Friday, January 21, 2011

It's been awhile...

It's been a long time since I've written anything on here and there are no good excuses for it...just lots of poor ones.
Let's see....we moved to Ft. Benning, GA for several months and lived with my wonderful Aunt and cousins while Jeremiah went through some training. Once he was done there, we were re-stationed up to North Carolina. Now, we are here, and while we were looking for rentals which was turning out to be quite a stressful and daunting task, our old landlord called us to let us know our old house was coming available, so we will be moving back into our old house soon. Jeremiah is in his first real unit since re-joining the Army because he has been in training for the last several years and we are hoping that he enjoys it and that it is a good move for him. We will know in time.
Victoria has grown like a little weed, but still skinny as ever. She FINALLY hit 30lbs! She is such a hoot! She dresses herself now...today, a santa claus red dress with white fur trim, pink (and other colored) tights, pink and black snowboots, and bows and flowers COVERING her head...she loves her Barbies and to paint. You can't stop her from singing or talking all day long (gee...wonder where she gets that from?!?). She still takes naps (Thank GOD!) and sleeps great through the night...even though she is on a futon in the living room until we move into our house. One day she wants long hair and the next she wants it short, but she will not let me put a brush to it without a fight and definitely won't let me put it in a ponytail. She LOVES her friends and missed them so much! Now she misses my Aunt and cousins and Grandparents's (just saw them at Christmas...so it's still fresh). She has a sassy little attitude sometimes, but for the most part is sweet and polite.

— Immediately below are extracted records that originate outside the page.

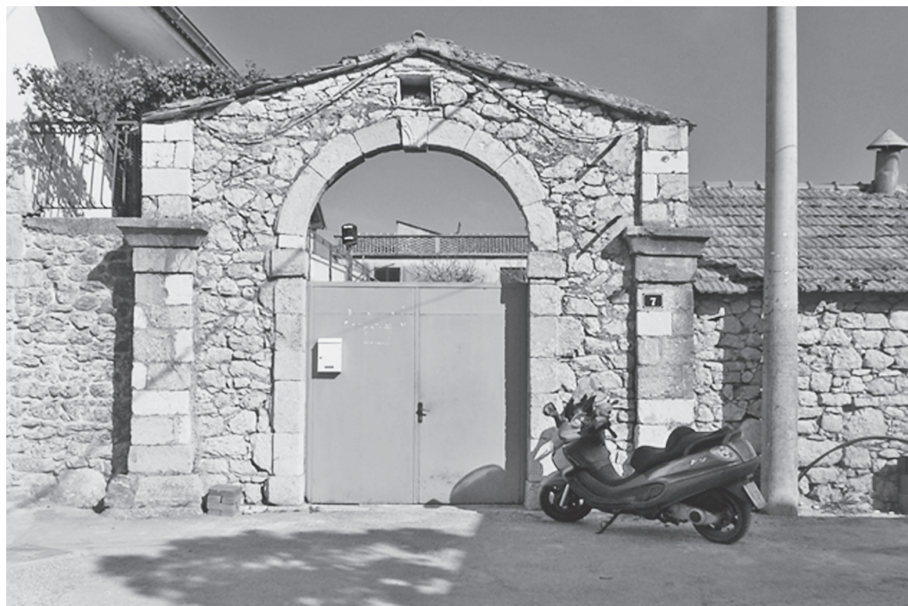
Slika 1: Barokni portal sklopa Nakić-Vojnović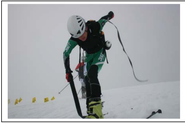
In der Wechselzone auf der Samalm geht's rund!!!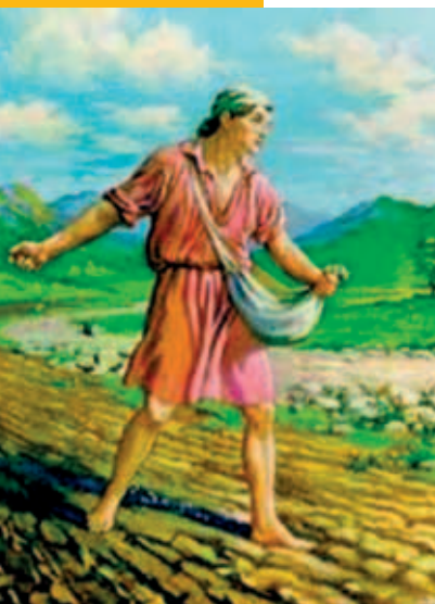
De zaaier die het zaad draagt

Wenden we ons tot modernere commentaren, dan komen we daarin de gedachte tegen dat het mogelijk is dat de verzen 5 en 6 van Psalm 126 herinneringen bevatten aan een ritueel wenen bij het zaaïen, wat overeenkomt met een rituele vreugde bij de oogst. Volgens een andere verklaarder lijkt vers 5 een spreekwoord of een spreuk te zijn. Weer een ander vat de verzen 5 en 6 figuurlijk op. Zij geven aan dat er een tijd zal liggen tussen dit wenen en juichen en dat er tegelijk een innerlijke samenhang is, zoals die er ook is tussen zaaïen en oogsten. Weer een ander ziet vers 5 en 6 als een beeld dat ons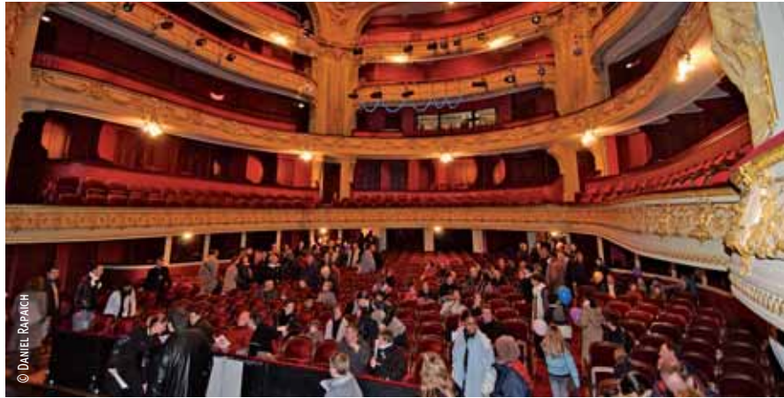
Découvrir l'Opéra, toujours un moment fort pour qui n'en a jamais franchi la porte !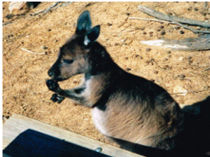
Koala & Känguru

She has a fantastic imagination and is forever pretending something. She won't leave Bailey alone, even after our constant threats and pleas and even a few warning nips from Bailey. I kind of wish she were a little more fearful/respectful of dogs after having 19 stitches in her face from a dog bit, but no....you would never even know she was ever bit! She had a pretty bad black-eye from sledding recently and thought it was the coolest thing ever!
Ok, said enough for now...life is interrupting this thought, yet again!

Tuesday, November 30, 2010

Infertility Ettiquette

I saw this online today and thought wow...this is almost EXACTLY how I feel.

http://www.resolve.org/support-and-services/for-family--friends/infertility-etiquette.html
(A few quotes from the article are included in my blog.)

I say almost because I do have a daughter, whom I love more than anything, so I do not know the full extent of the pain that so many women must feel. My heart goes out to the women who have never (and will never) have the chance to hold their own baby in their arms.

" The pain is similar to the grief over losing a loved one, but it is unique because it is a recurring grief. " Each and every month infertile couples (including myself & my husband) go through this wave of emotions...allowing ourselves to think that this may be the month, "trying" over and over again, waiting an agonizing few weeks, praying and trying to enjoy ourselves, and then being hit by the grief all over again. It's a vicious emotional cycle, all the while, EVERYONE around you seems to be pregnant or having babies...

"Infertility is a diagnosable medical problem that must be treated by a doctor, and even with treatment, many couples will NEVER successfully conceive a child. Relaxation itself does not cure medical infertility. "
You can't help but to "try" when it's been this long of trying...you can't just "relax"...you can't NOT think about fertility 24/7...it's hard not to let it consume your life and you. I try sooooo hard not to make it the topic of every conversation with my husband, friends, and family. Have you ever wanted something...a car...so bad that you see it everywhere...you can picture yourself in it, you can smell the leather, you test drive it, you crave seeing yourself in it permanently...it's kind of like that...EVERY month, every day...

"You wouldn't tell somebody whose parent just died to be thankful that he no longer has to buy Father's Day or Mother's Day cards."
Then don't tell me to be happy with what I have and to stop trying. Don't try to minimize my pain be telling me 2 kids is harder than 1. I know that having 2 children will be more difficult than one, but it will be rewarding also. I have had A LOT of time to think about having a 2nd child and I am pretty sure I know a lot of the pros and cons.

"I understand...that, when you are pregnant, your hormones are going crazy and you experience a lot of discomfort, such as queasiness, stretch marks, and fatigue. You have every right to vent about the discomforts to any one else in your life, but don't put your infertile friend in the position of comforting you. "
I WISH I had your problems. I have watched so many of you go from 1 baby to more...I have seen all of your Facebook announcements telling everyone of your great news, then weeks later talking about how sick you are, how you can't take cold meds, how you are hormonal, craving things, nesting, having contractions, in labor, and in the end...you're the one holding a beautiful new baby. It hurts. Each and every time, it hurts...I don't want it to, but it does. I want to be mean and say things like "I'm glad you're sick!" or "I wish I had your problem"...I don't expect you to not say anything, I'm glad for you (most of the time), and I don't think you need to edit your generic Facebook thoughts just for me (or people like me), but don't complain to me saying "Well, at least you don't have to deal with morning sickness"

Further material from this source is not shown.